4. Reproducing the Workflow from Scratch

  1. Ingestion Setup:

    • Add a Form Trigger. Configure a "File" field allowing .pdf, .csv, .json.
    • Connect a Set Node (named "Add Metadata"). Map {{ $json['Document File'][0].filename }} and other metadata properties.
    • Connect an In-Memory Vector Store node. Set Mode to "Insert". Provide a unique Name/ID for the memory key (e.g., Document_File).
    • Attach a Document Loader (Binary mode) to the Vector Store.
    • Attach a Recursive Character Text Splitter to the Document Loader (Overlap: 200).
    • Attach Google Gemini Embeddings to the Vector Store.
  2. Chat Interface Setup:

    • Add a Chatbot Trigger. Customize the title and greeting.
    • Add an AI Agent. Set the Prompt Type to "Define". Use a system message that instructs the agent to search the tool first and only answer based on retrieved data.
    • Connect the Google Gemini Chat Model to the Agent.
    • Connect Window Buffer Memory to the Agent (Context limit: 10).
    • Connect another In-Memory Vector Store node to the Agent's tool input. Set its mode to "Retrieve as Tool". Use the same memory key (Document_File) as the Ingestion node. Set topK to 5.
    • Attach the same Google Gemini Embeddings to this Retrieval node.
  3. Credential Configuration:

    • Configure a Google Gemini API credential and apply it to both the Chat Model and the Embeddings node.
  4. Activation:

    • Save the workflow and toggle it to "Active". Upload a file via the form URL before testing the chat.
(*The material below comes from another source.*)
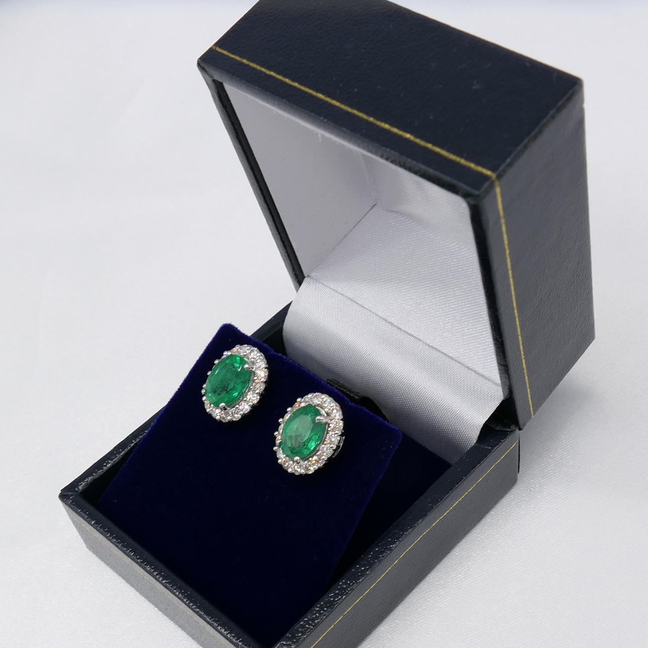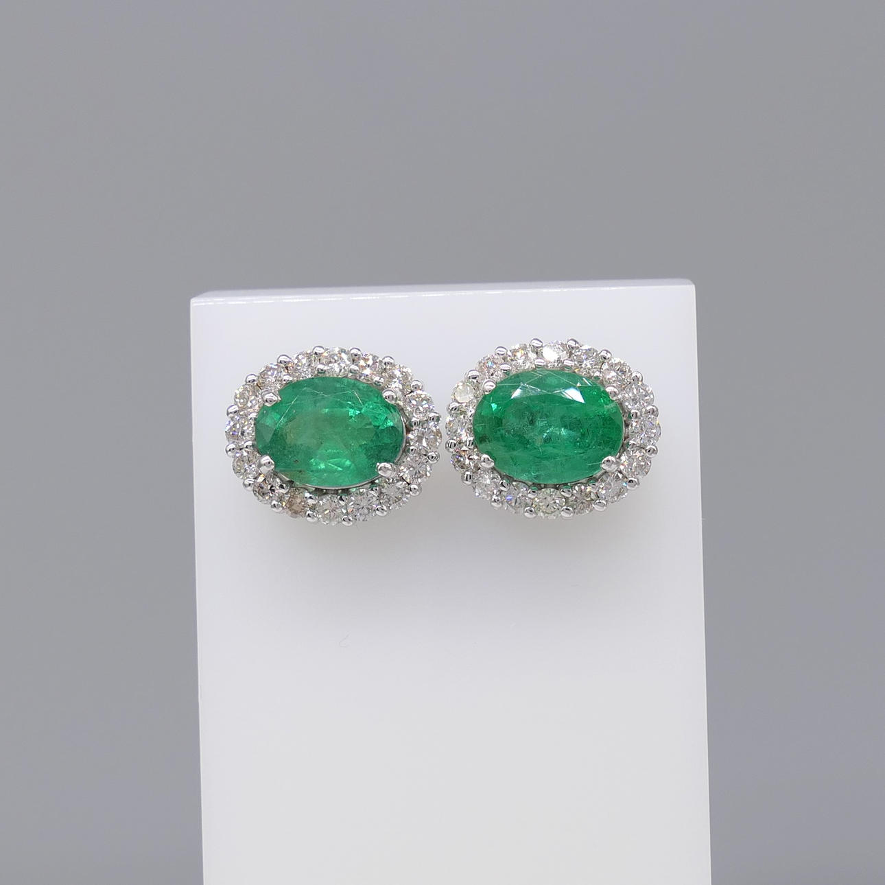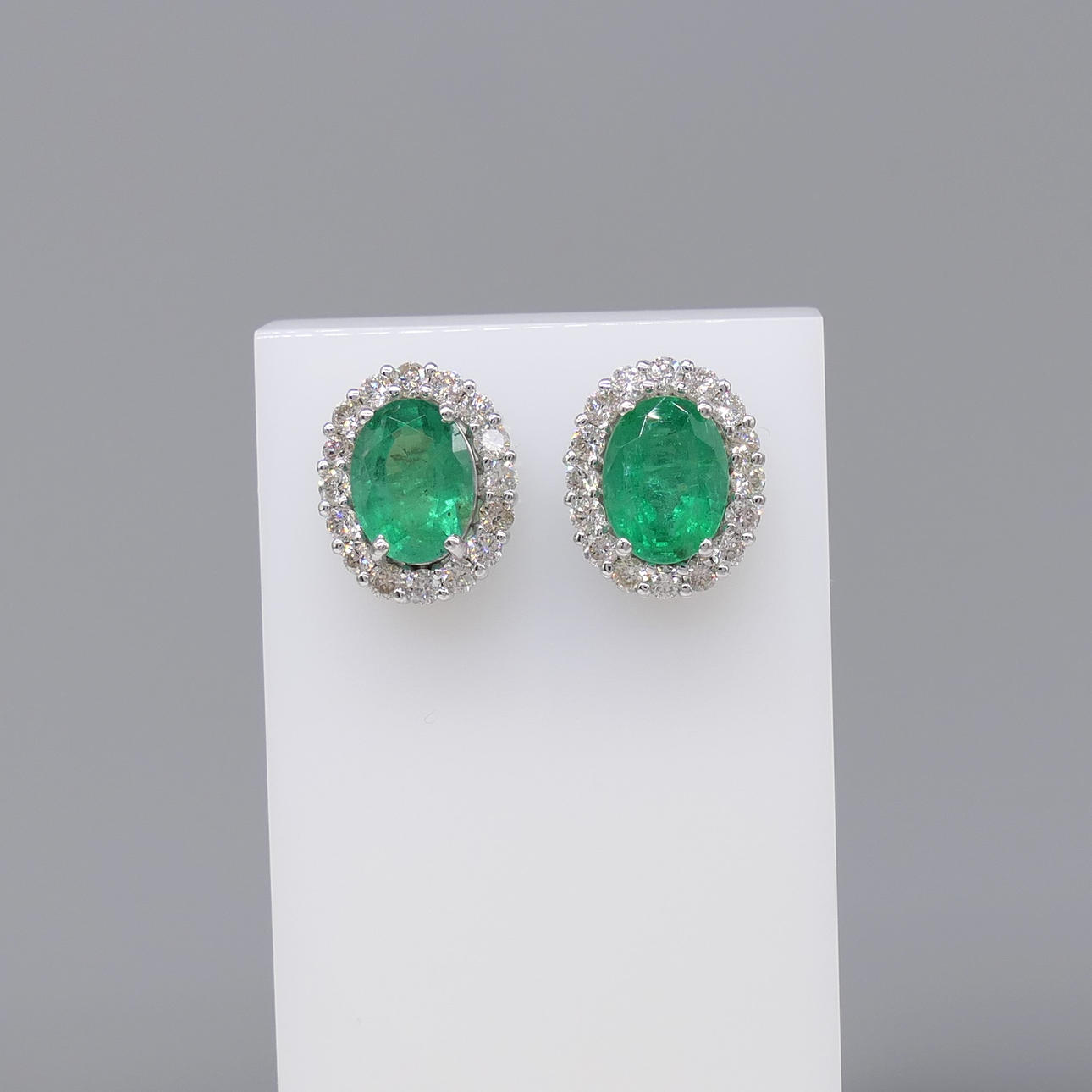 ÖRHÄNGEN, ett par traditionella ovalslipade smaragder och runda briljantslipade diamanter, 18k vitguld.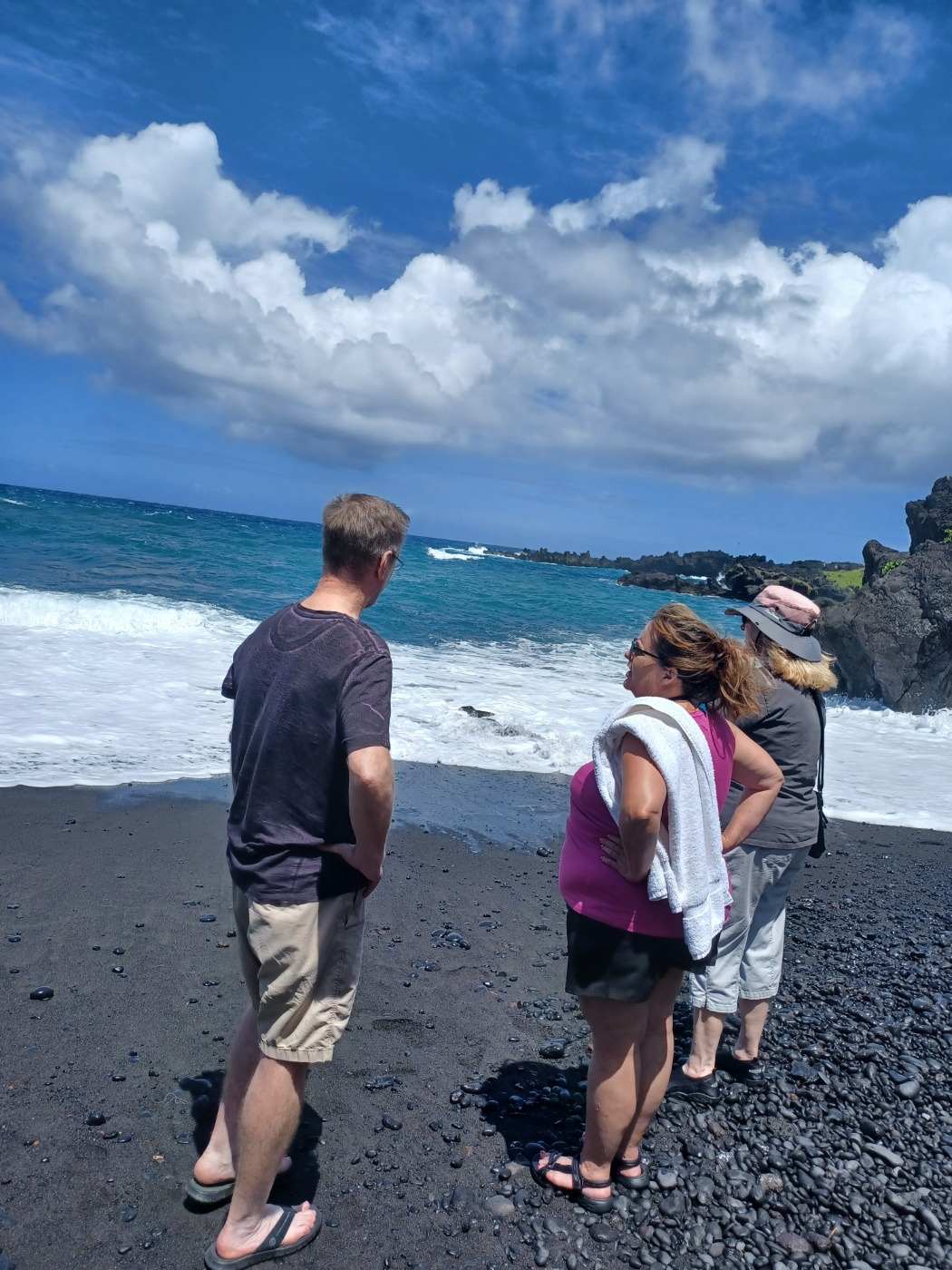 Hana에 도착하면 'Black Sand Beach'와 '폭포'에서 수영을 할 거라며 수영복과 타월도 챙기라는 직원의 말에 수영복,타월,여벌 옷까지 단단히 준비를 했다.

5. General Notes & Resources

Note Content Context or Link
Persistence Warning Uses an in-memory vector store. Data resets when the workflow restarts. Replace with a persistent database (e.g., Pinecone, Supabase, Qdrant) for production use.
Workflow Creator Developed by Md. Khalid Ali (AIN Consulting)
Creator Website https://ainconsulting.com
RAG Methodology Demonstrates the core cycle: Ingest -> Embed -> Store -> Retrieve -> Generate.